ParametricPlot[{k2, v1}, {s1, 0.0, 50}, 
 PlotRange -> {{0, 0.3}, {0, 1.5}}, AspectRatio -> 0.5, 
 PlotStyle -> Black] /. Line[x_] :> {Blue, Polygon[x]}

Update: Using the approach in this answer mentioned in Alexey's comment:

poly = Cases[pp, Line[x_] :> Polygon[x], {0, Infinity}][[1]]; 
Quiet[region = Region`RegionProperty[poly, {x, y}, "FastDescription"][[1, 2]]];

RegionPlot[region, {x, 0, .3}, {y, 0, 1.5}, Mesh -> 50, 
 MeshFunctions -> {#1 - #2 &}, MeshStyle -> White, 
 PlotStyle -> Directive[{Thick, Blue}], PlotPoints -> 100]

Answer 3

If you absolutely, positively insist on using RegionPlot, then it's still possible to do with the curve you mentioned.
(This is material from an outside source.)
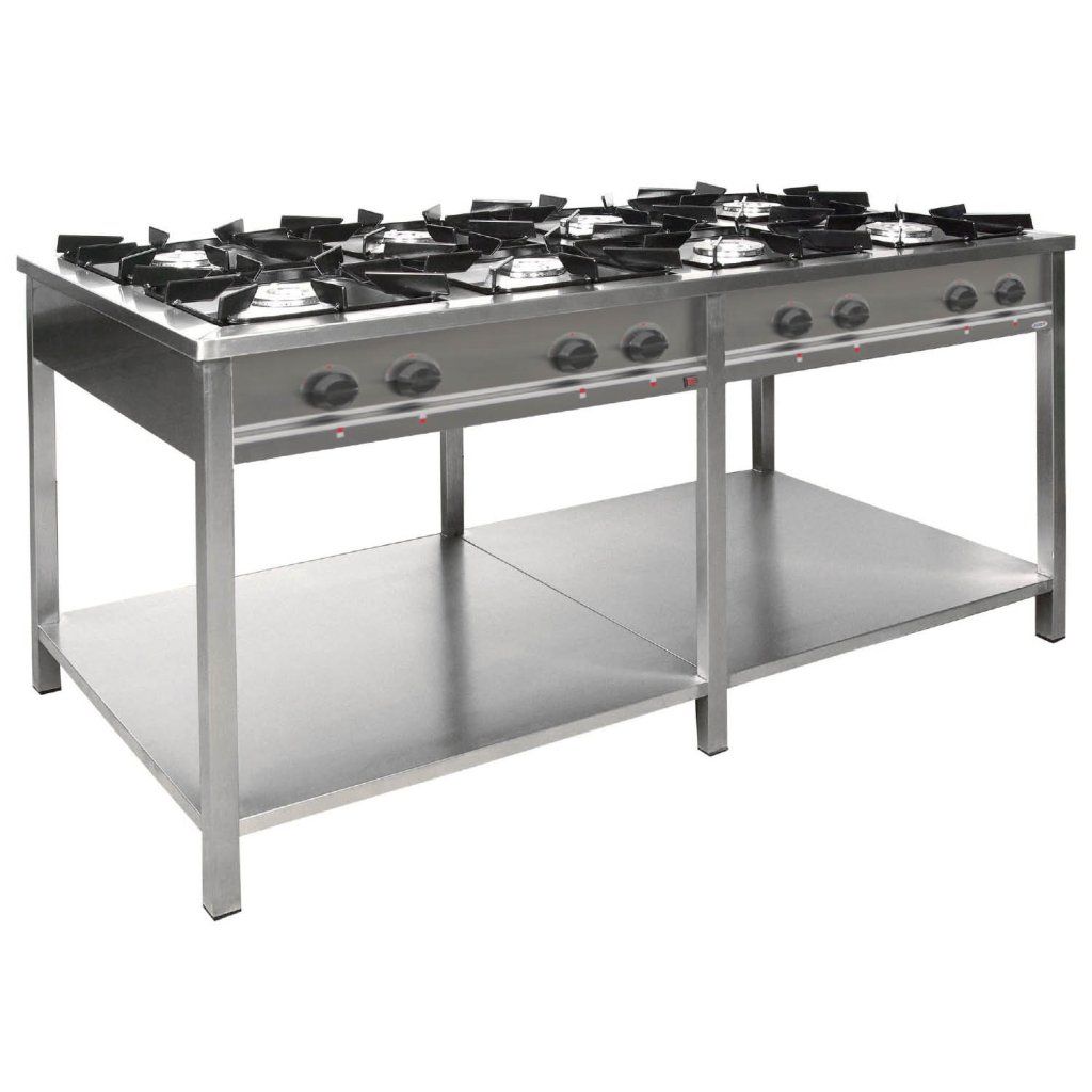 Vlastnosti zariadenia: horáky majú dva prstence (dvojkorunkové horáky), ktoré rovnomerne ohrievajú dno nádoby, navýšením efektivity využitia plynu, v závislosti od potrieb, môžete použiť horáky s výkonom 3,5; 5,0; 7,0 alebo 9,0 kW, ventily s ochranou proti odtoku prerušia prívod plynu v prípade zhasnutia plameňa, možnosť nastavenia tzv. „úsporného plameňa“, v modeloch 1-, 2-, 3- horákových sú piezoelektrické zapaľovače, v iných variantoch sú elektrické, vyberateľné dosky pod horákmi uľahčujú čistenie, smaltované rošty, prípojka plynového potrubia 1/2 ", sú použité nožičky s nastaviteľnou výškou, môžu byť použitý zemný plyn G 20 (predtým GZ-50) a plyn G 30 (propán alebo propán-bután PB), stoličky sú vyrobené z kyselinovzdornej nehrdzavejúcej ocele triedy AISI 304.Buďte prvý, kto napíše príspevok k tejto položke.

This is because it's actually possible for your curve to be written as $v_1(k_2)$, albeit in a pretty ugly form. Start by inverting your relation between $s_1$ and $k_2$:

s1solns = Solve[(k3*((n - 1)*(s1/k1)^n - 1))/(1 + (s1/k1)^n)^2 == k2, s1];

Once you've got that, you can replace $s_1$ with these functions of $k_2$ in your expression for $v_1$. This gives you two functions for $v_1(k_2)$; the desired region is bounded above by the first function, and below by the second function. Note that $k_2$ has a maximum value for which these functions are real, which I call $k_{2\text{max}}$ in the code below.
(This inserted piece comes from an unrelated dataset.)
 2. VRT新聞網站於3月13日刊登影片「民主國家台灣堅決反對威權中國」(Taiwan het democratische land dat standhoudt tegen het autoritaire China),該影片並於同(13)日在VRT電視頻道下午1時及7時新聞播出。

params = {k3 -> 0.4, n -> 4, k1 -> 3}; 
v1curves = (k2*s1 + (k3*s1)/(1 + (s1/k1)^n) /. s1solns) /. params;
k2max = k2 /. First[Solve[((k3^2 - 4 k2 k3 n - 2 k3^2 n + k3^2 n^2) /. params) == 0, k2]];
RegionPlot[
 v1 <= v1curves[[1]] && v1 >= v1curves[[2]] && k2 >= 0, 
 {k2, 0, k2max}, {v1, 0, Evaluate[v1curves[[1]] /. k2 -> k2max]}, 
 MaxRecursion -> 6]

This method is, to be honest, a kludgey hack; the above answers are much better, and will generalize much more readily. But it was still fun to try to do this with one hand tied behind my back. :-)